• [WHAT IS EXPECTED] Restate, in full and unchanged, the entries that follow, but not their pictures.

- - - -

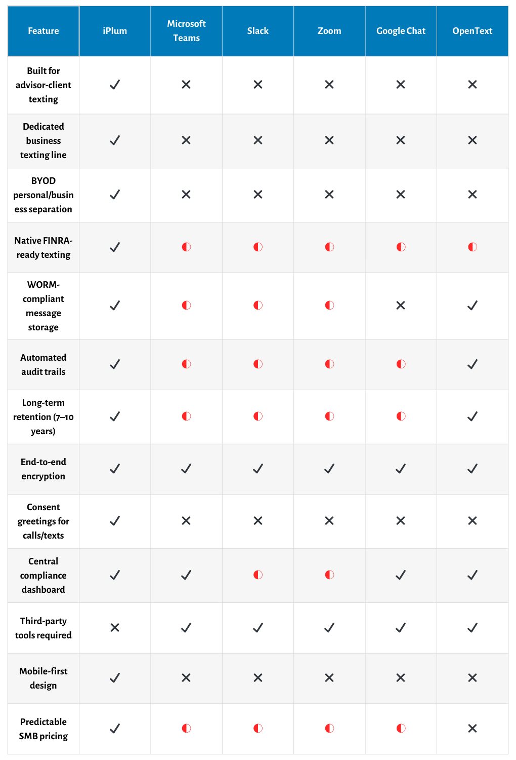 For FINRA-compliant texting, iPlum offers a mobile-first solution with long-term archiving, centralized supervision, and secure BYOD support, all at a competitive price.
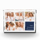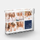 Celebrate your bond with your best friend with this modern photo collage block featuring 5 favourite square photos arranged in a grid layout. The lower right square bears the words “best friends forever,” or your choice of text, in white vintage typewriter lettering on a navy blue background.
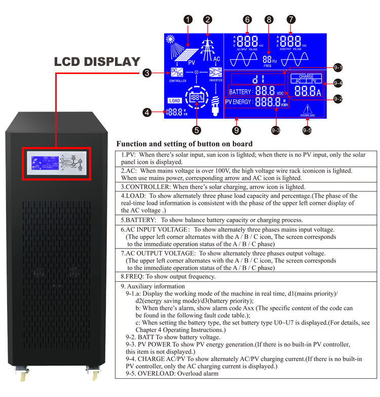 | Weight | Depend on the model | Inverter Type | Three Phase Inverter Charger / Hybrid Solar Inverter |
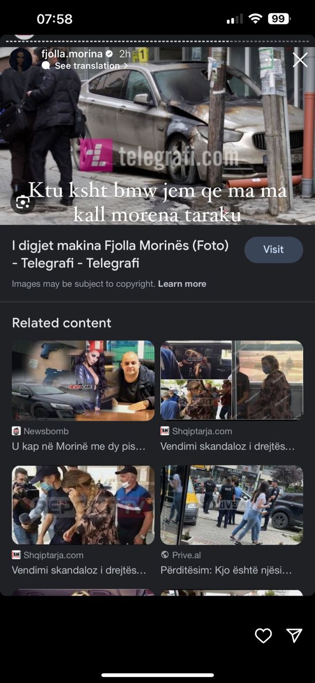 Sikur mos të mjaftonte kjo, ajo ka akuzuar Morena Tarakun se i ka djegur makinën vite më parë, akuzon Stresin dhe Juliana Nurën si krim të organizuar.
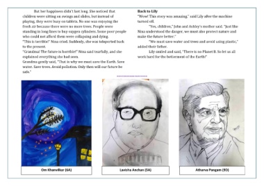 “This is terrible!” Nina cried. Suddenly, she was teleported back “We must save water and trees and avoid using plastic,”
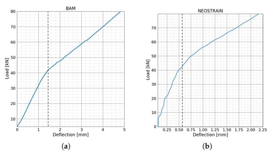 Load-deflection curve for bending test at (a) BAM and at (b) NEOSTRAIN.
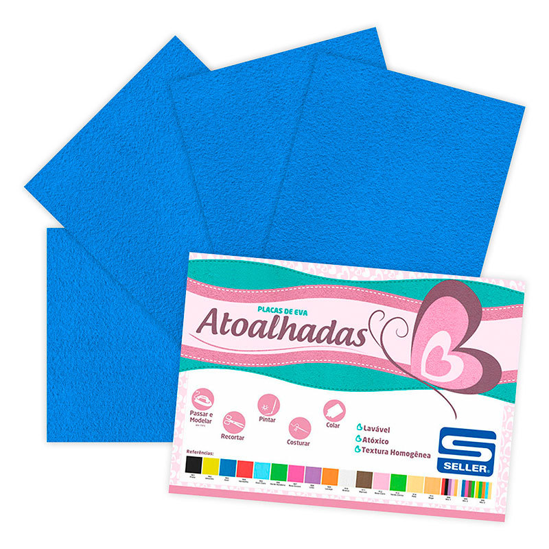 Placa de EVA 40x60cm atoalhado Azul pacote com 5 folhas Seller
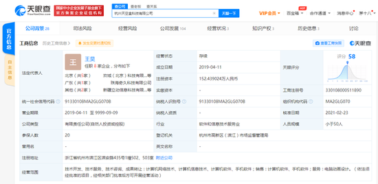 天眼查App显示,杭州天空盒科技有限公司成立于2019年4月,法定代表人为王昊,经营范围包括技术开发、技术服务、技术咨询、成果转让:计算机网络技术、计算机信息技术、计算机软件、手机软件;销售:计算机软件、手机软件;服务:电脑动画设计。
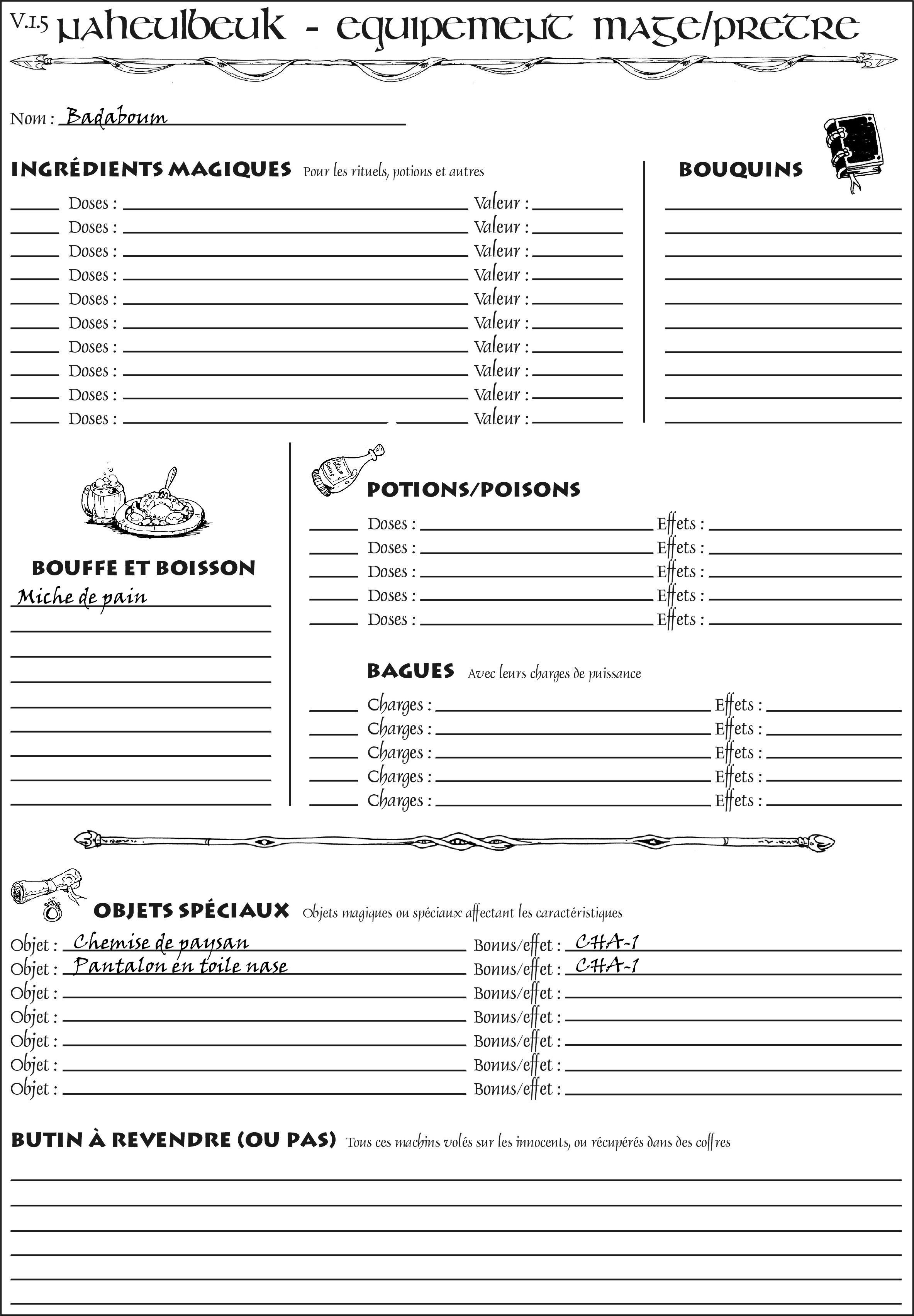 Fiche de personnage
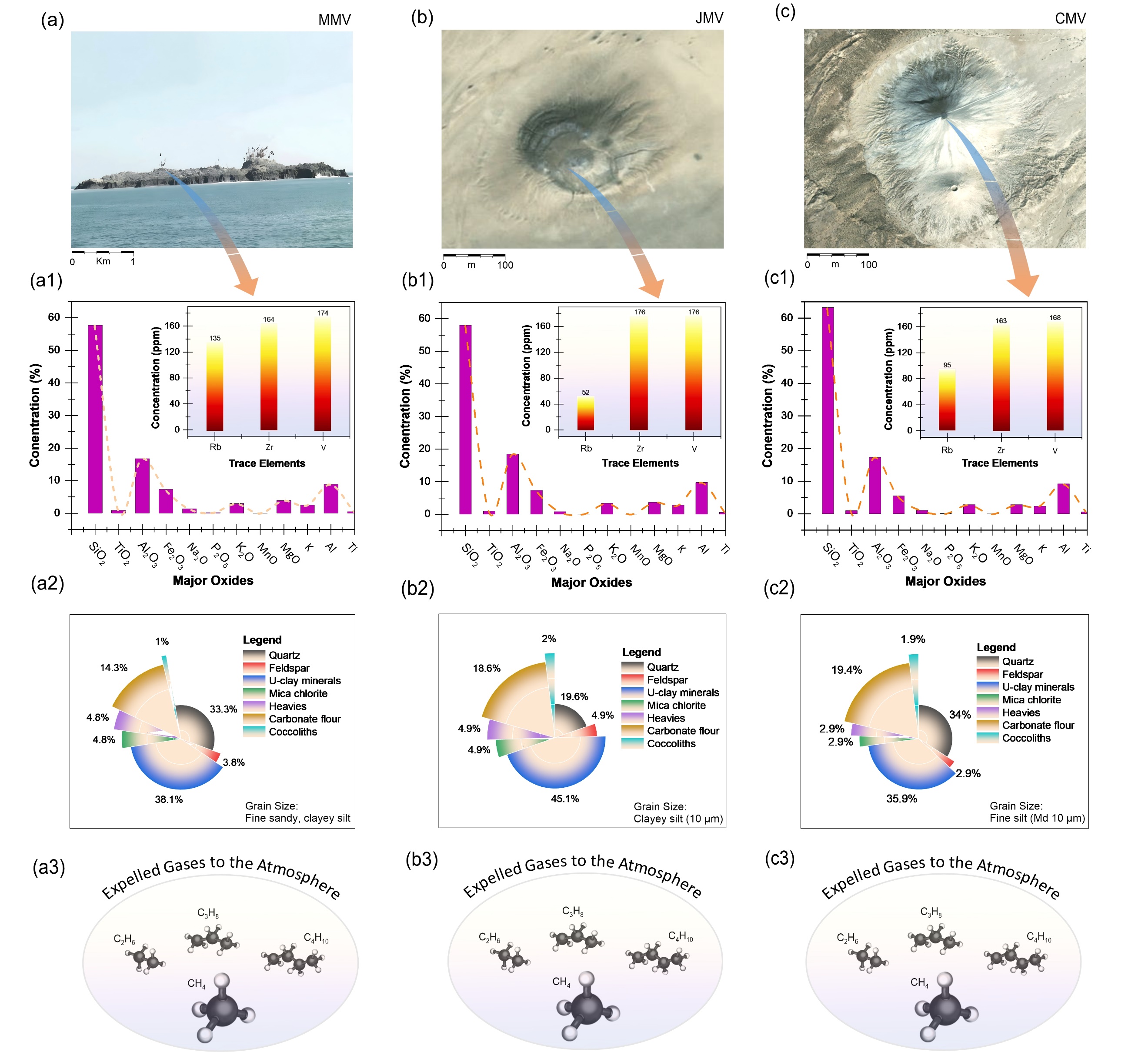 俯沖帶是巖石圈揮發物流通的關鍵界面,復雜的構造和地球化學相互作用促進了地殼深部儲層中氣體和流體的釋放。泥火山活動作為這些過程的動態表現,貢獻了CH?排放,影響了全球CH?預算并對海洋生態系統產生影響。全球范圍內,約2000處泥火山位于俯沖帶,突顯了俯沖相關的地球化學和構造過程在促進CH?向大氣和水圈排放中的重要性。 近年來,遙感技術(合成孔徑雷達干涉測量、航空攝影、機載激光掃描)與水聲學方法的協同應用,系統刻畫了陸域與海域富CH?泥火山的三維幾何形態與空間分布特征。氣相色譜、同位素分析、原位氣體通量測量以及噴出的泥火山氣體與流化泥漿的地球化學分析進一步推進了對分子組成、同位素特征和再循環組分化學性質的研究。此外,深海鉆探和搭載CH?傳感器的潛水器為噴發活動、揮發性排放及潛在危害提供了新的見解。

- - - -

• [RESULT FOR THIS EXERCISE]
 For FINRA-compliant texting, iPlum offers a mobile-first solution with long-term archiving, centralized supervision, and secure BYOD support, all at a competitive price.
 Celebrate your bond with your best friend with this modern photo collage block featuring 5 favourite square photos arranged in a grid layout. The lower right square bears the words “best friends forever,” or your choice of text, in white vintage typewriter lettering on a navy blue background.
 | Weight | Depend on the model | Inverter Type | Three Phase Inverter Charger / Hybrid Solar Inverter |
 Sikur mos të mjaftonte kjo, ajo ka akuzuar Morena Tarakun se i ka djegur makinën vite më parë, akuzon Stresin dhe Juliana Nurën si krim të organizuar.
 “This is terrible!” Nina cried. Suddenly, she was teleported back “We must save water and trees and avoid using plastic,”
 Load-deflection curve for bending test at (a) BAM and at (b) NEOSTRAIN.
 Placa de EVA 40x60cm atoalhado Azul pacote com 5 folhas Seller
 天眼查App显示,杭州天空盒科技有限公司成立于2019年4月,法定代表人为王昊,经营范围包括技术开发、技术服务、技术咨询、成果转让:计算机网络技术、计算机信息技术、计算机软件、手机软件;销售:计算机软件、手机软件;服务:电脑动画设计。
 Fiche de personnage
 俯沖帶是巖石圈揮發物流通的關鍵界面,復雜的構造和地球化學相互作用促進了地殼深部儲層中氣體和流體的釋放。泥火山活動作為這些過程的動態表現,貢獻了CH?排放,影響了全球CH?預算并對海洋生態系統產生影響。全球范圍內,約2000處泥火山位于俯沖帶,突顯了俯沖相關的地球化學和構造過程在促進CH?向大氣和水圈排放中的重要性。 近年來,遙感技術(合成孔徑雷達干涉測量、航空攝影、機載激光掃描)與水聲學方法的協同應用,系統刻畫了陸域與海域富CH?泥火山的三維幾何形態與空間分布特征。氣相色譜、同位素分析、原位氣體通量測量以及噴出的泥火山氣體與流化泥漿的地球化學分析進一步推進了對分子組成、同位素特征和再循環組分化學性質的研究。此外,深海鉆探和搭載CH?傳感器的潛水器為噴發活動、揮發性排放及潛在危害提供了新的見解。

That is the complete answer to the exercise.